'Evening News' Declares Imminent Death of Suburbia

     For decades, some on the left have decried the rise of the suburbs for everything from their impact on decentralizing big municipal governments to the impact longer commutes have on community and the environment. However, suburbs could be coming to an end, according to the August 7 “CBS Evening News.”


     Fill-in anchor Russ Mitchell reported that with gas near $4 a gallon, the cons now outweigh the pros of living in the suburbs and the working public will be forced to move out of smaller municipalities and back into large cities.


     “Sixty years ago, cheap gas and new highways helped fuel suburbia’s rapid rise, creating a new American utopia,” CBS correspondent Ben Tracy said. “But now the triple threat of falling home values, empty nesters returning to the city and sky-high gas prices is driving suburbia to the brink. Some developments are left half-built, while other homes look abandoned. Demand for suburban housing is dropping so fast that a recent study predicts that by 2025 there will be a surplus of 22 million large-lot homes in suburban areas.”


     But according to the Orlando Sentinel, the man who made that prediction – Arthur C. Nelson of Virginia Tech’s Metropolitan Institute – says the surplus could range from 3 million homes to 22 million home. The “Evening News” didn’t mention the low end of Nelson’s prediction.


     The backdrop of Tracy’s report: Californiaone of the states that has been hit hardest by the housing downturn and not necessarily the norm for the rest of the country. Nonetheless, Tracy said this could be “the beginning of the end” for the ’burbs.


     “It sounds hard to believe, but some experts are now predicting that this could be the beginning of the end of suburbia – that far-flung neighborhoods like this one could be tomorrow’s slums,” Tracy said.
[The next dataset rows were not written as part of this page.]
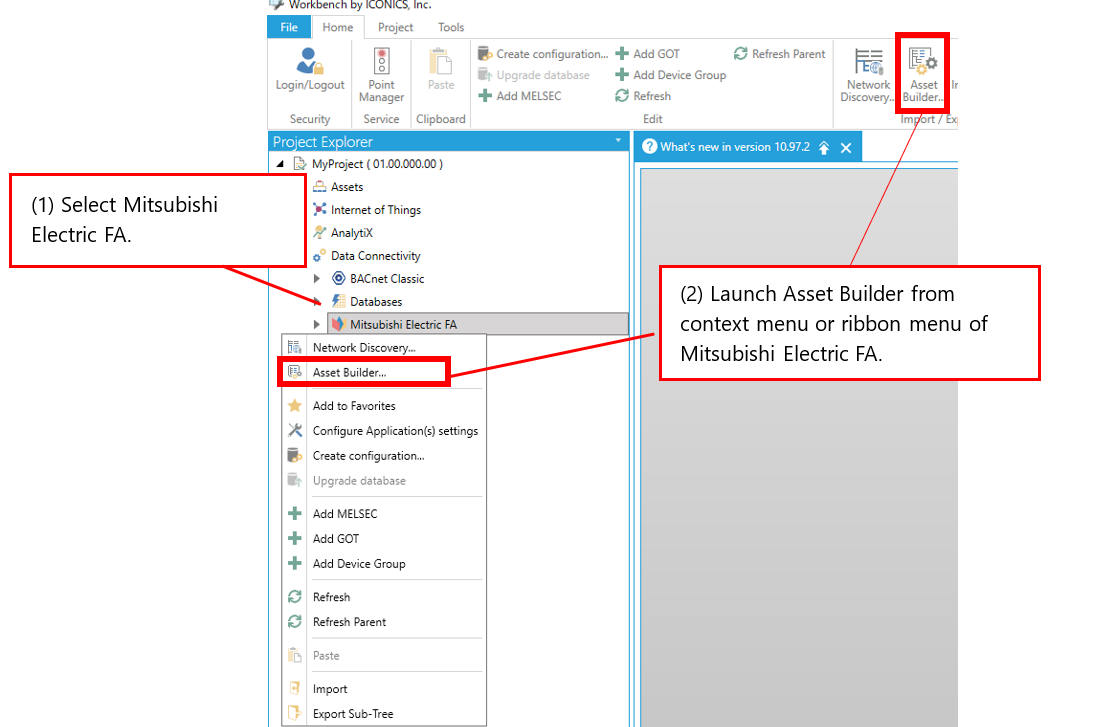 1. Launch Asset Builder from the Mitsubishi Electric FA context menu or ribbon menu.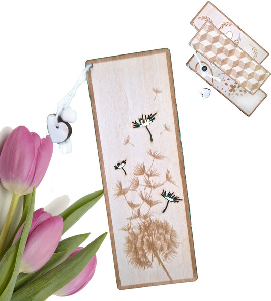 Lesezeichen 4 Stück, Dekorative Holz-Lesezeichen mit verschiedenen Mustern, Geschenkidee für Freunde, Familie, Muttertag, Vatertag, Abschluss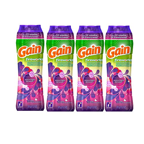 Studio : GAIN Publisher : GAIN Product Description Create explosions of scent in your washer with Gain Fireworks, Moonlight Breeze Scent, In-Wash Scent Booster. They let you pick just how much scent you enjoy. Shake as many scent beads as youd like into your washer drum before you start the wash, and then add your favorite Gain detergent. Toss in your clothes, and start the wash. Gain Fireworks dissolve in hot or cold water. Enjoy the smell of a job well done. 0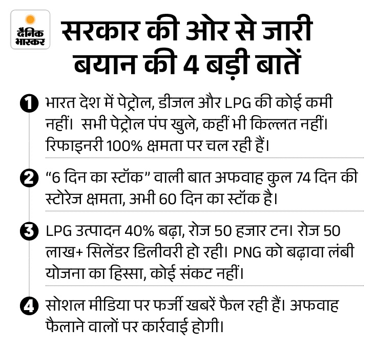 वहीं, सरकार ने देश में पेट्रोल, डीजल और LPG (रसोई गैस) की कमी की खबरों को पूरी तरह से खारिज कर दिया है। पेट्रोलियम और प्राकृतिक गैस मंत्रालय ने बयान जारी कर कहा कि दुनिया में कुछ भी हो जाए, भारत के पास 60 दिन का कच्चा तेल और ऑयल रिजर्व है।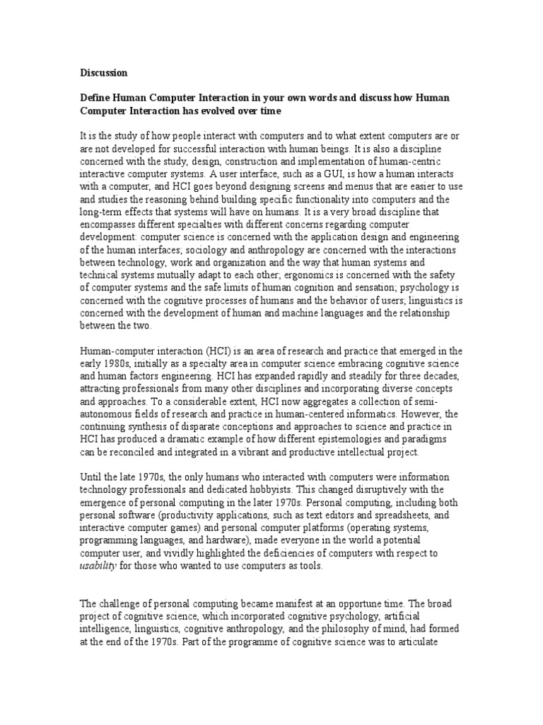 Discussion Define Human Computer Interaction in your own words and discuss how Human Computer Interaction has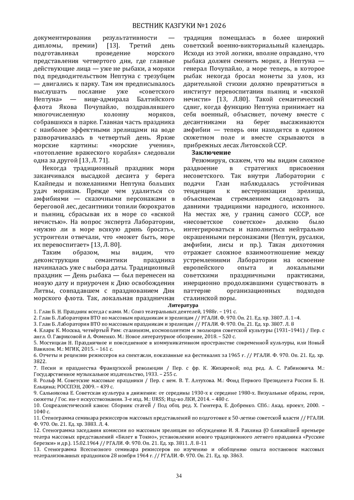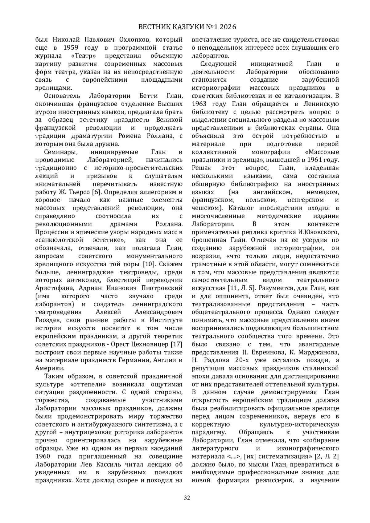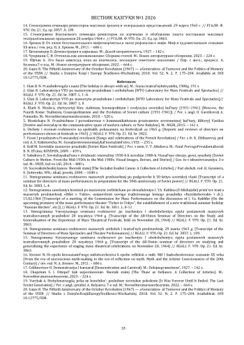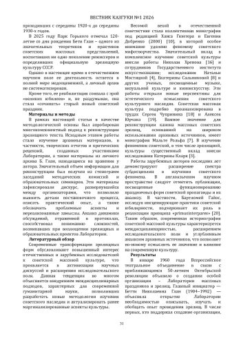 Настоящая работа посвящена исследованию феномена «оттепельных» трансформаций советской праздничной культуры и опыта интеграции в нее элементов, не вписывающихся в каноны сталинского ритуализма. Актуальность обусловлена необходимостью переосмысления советской зрелищности в контексте социально-культурных изменений 1950-х годов. В фокусе анализа - деятельность Бетти Глан, ключевой фигуры в обновлении массовых представлений и руководителя ЦПКиО им. Горького, чья биография отражает противоречия эпохи. Исследование, опирающееся на мемуарные источники и историко-культурный анализ, демонстрирует стремление Глан к возрождению авангардных практик 1920-х годов, противопоставленных регламентированному эстетическому дискурсу 1930-х. Работа выявляет механизмы и формы включения «несоветского» опыта в ткань праздничных зрелищ, а также роль Парка Горького как экспериментальной «лаборатории» массовых представлений. Полученные результаты позволяют расширить представление о советской зрелищной культуре как сложном и неоднородном явлении.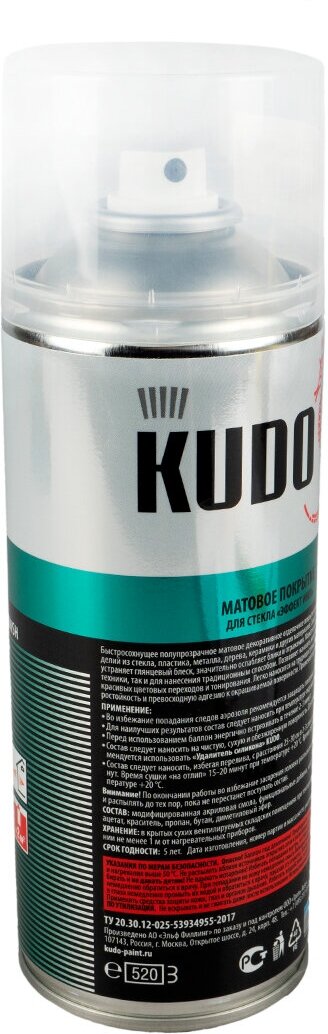 Покрытие аэрозольное Kudo для стекла цвет зелёный 0.52 л - быстросохнущее полупрозрачное матовое декоративное покрытие создает эффект тонировки. Предназначено для декорирования изделий из стекла, таких как окна, зеркала, витражи, вазы, фонари и другие предметы интерьера. Пропускает свет.

     Tracy based his assertions on the writings of James Howard Kunstler, an author who told “Evening News” that he thinks “the project of suburbia is over.” However, Kunstler also has peddled other doom-and-gloom scenarios that didn’t come true, including cataclysmic failures surrounding Y2K and the Dow Jones Industrial Index (DJIA) crashing to 4,000 by the end of 2005.


     “Author James Howard Kunstler has been predicting the decline of the suburbs for more than 15 years,” Tracy said. “He says housing far away from job centers won’t survive.”


     “We’ve put so much of our national wealth and even our identity into the idea of suburbia that we can’t imagine having to let go of it or substantially change it,” Kunstler said.


     But Tracy neglected to raise the possibility of some suburbs rising and becoming job centers beyond the confines of large cities.


     Tracy touted the efforts of Sacramento, the capital city of California in the heart of the housing downturn, which has been pushing toward “smart growth – high-density development in walkable neighborhoods near job centers and transit.”


     “A dream abandoned miles away now beginning to fade,” Tracy concluded.